Page 1 of 1

A cheaper PCF shader?

Posted: Mon Jun 22, 2015 2:22 am
by areay
Hi guys,

I've been playing around a bit with PCF for sampling shadow maps and I've got some pseudo-science to share with you.

Here's how most of setups I've seen on this forum and the Ogre Samples start a lot like this; getting a set of depth samples...

Code: Select all

	float4 depths =	float4(
		tex2D(shadowMap, shadowMapPos.xy + someOffset).r,
		tex2D(shadowMap, shadowMapPos.xy + someOffset).r,
		tex2D(shadowMap, shadowMapPos.xy + someOffset).r,	
		tex2D(shadowMap, shadowMapPos.xy + someOffset).r);
Then the comparisons start, and the examples I've seen all look something like this

Code: Select all

	float final;
	final += (depths.x > fragmentDepth) ? 1.0f : 0.0f;
	final += (depths.y > fragmentDepth) ? 1.0f : 0.0f;
	final += (depths.z > fragmentDepth) ? 1.0f : 0.0f;
	final += (depths.w > fragmentDepth) ? 1.0f : 0.0f;
	final *= 0.25f;
	return final;
But if you do that comparison like this instead (using a 4-float compare then a dot product)

Code: Select all

    float4 inlight = ( depths > fragmentDepth);
    final = dot(inlight, float4(.25, .25, .25, .25));
    return final;
Then you get a cheaper shader!

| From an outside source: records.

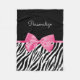 Trendig Zebra tryck Chic Shock rosa Bow och Namn Fleecefilt
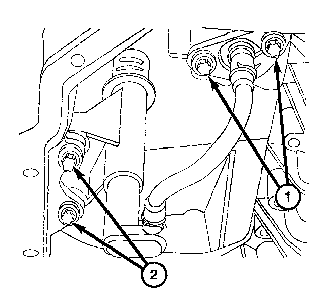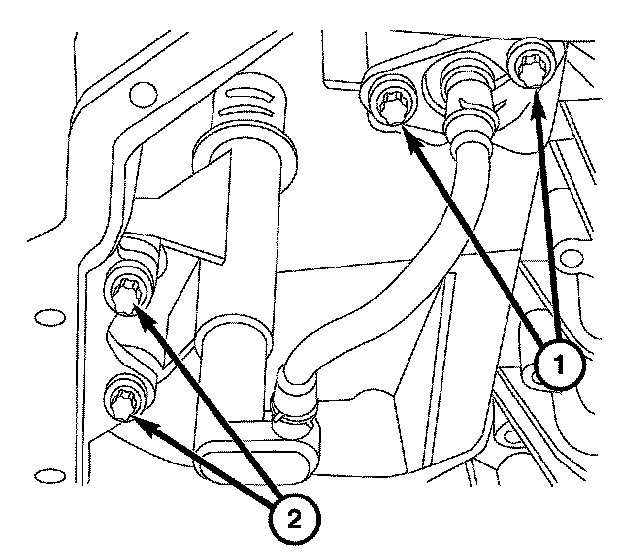 4. Remove the two harness retainer screws (2) and the oil level/temperature sensor.
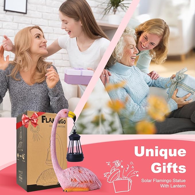 Garden Flamingo Statue with Solar Lantern - Outdoor Statue Yard Art for Patio Lawn Balcony, Unique Flamingo Gifts for Mom Women Grandma
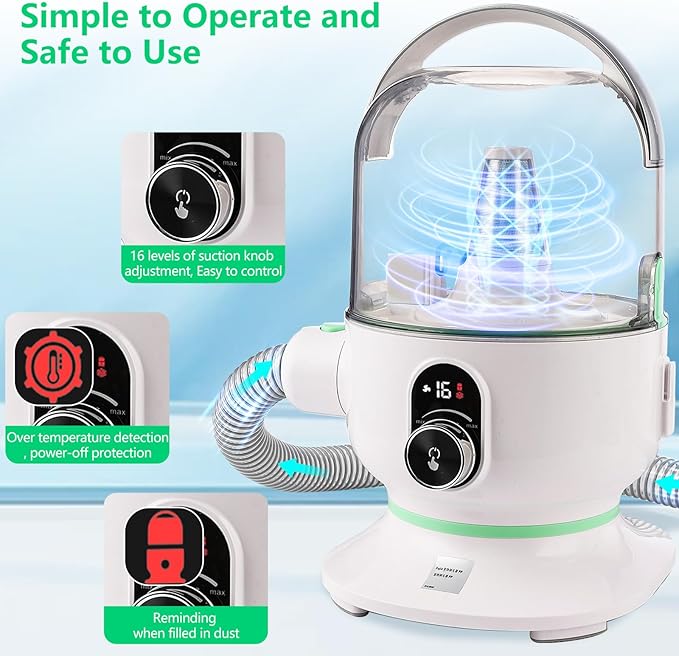 - Easy to Use: Pet grooming vacuum with a 2L large-capacity dust cup and one-touch lid-opening operation makes collecting and dumping pet hair simple; 16 grades for pets at different stages of growth and different use

So I'm basing this on the instruction count from the compiled shader

Using a single-pass 2-split PSSM shader taking 8 taps per sample, I get the following compilations

Using standard method; 184 instructions, 4 R-regs using arbfp1. 112 instructions, 4 R-regs, 0 H-regs using FP40
Using 4float compare + dot; 106 instructions & 5 R-regs using arbfp1. 98 instructions, 5 R-regs, 2 H-regs using FP40

I'm no expert, perhaps the cost in extra registers offsets the instruction saving, perhaps the instructions that are being executed are more expensive.

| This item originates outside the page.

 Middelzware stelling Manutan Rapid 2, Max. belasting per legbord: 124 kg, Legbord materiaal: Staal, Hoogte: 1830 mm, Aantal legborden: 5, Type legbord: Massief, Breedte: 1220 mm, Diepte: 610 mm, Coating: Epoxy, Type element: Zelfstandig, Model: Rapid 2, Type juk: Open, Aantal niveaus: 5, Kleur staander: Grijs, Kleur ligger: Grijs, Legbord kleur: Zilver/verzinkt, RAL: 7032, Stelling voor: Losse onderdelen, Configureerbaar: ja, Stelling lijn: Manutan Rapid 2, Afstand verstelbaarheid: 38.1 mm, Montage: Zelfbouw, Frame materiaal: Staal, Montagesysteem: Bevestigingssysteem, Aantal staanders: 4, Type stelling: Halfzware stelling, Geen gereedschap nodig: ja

I know in CPU-land, different instructions have differing clock cycle costs, does this also apply in GPU land?

Here's where I found this little optimization ... apping.pdf There's some other interesting things in that paper regarding something called silhouette maps, I'm wondering if anyone has tried to get that working with Ogre. Here's another silhouette map paper

Re: A cheaper PCF shader?

Posted: Fri Jul 17, 2015 11:30 pm
by dark_sylinc
Both approaches will boil down pretty to the same in modern hardware because they're superscalar, not vector. The HLSL or Cg asm code is not a relevant metric when it comes to microoptimizations like this one. Older hardware like the AMD Radeon HD 2000 through 5000 may benefit from it though.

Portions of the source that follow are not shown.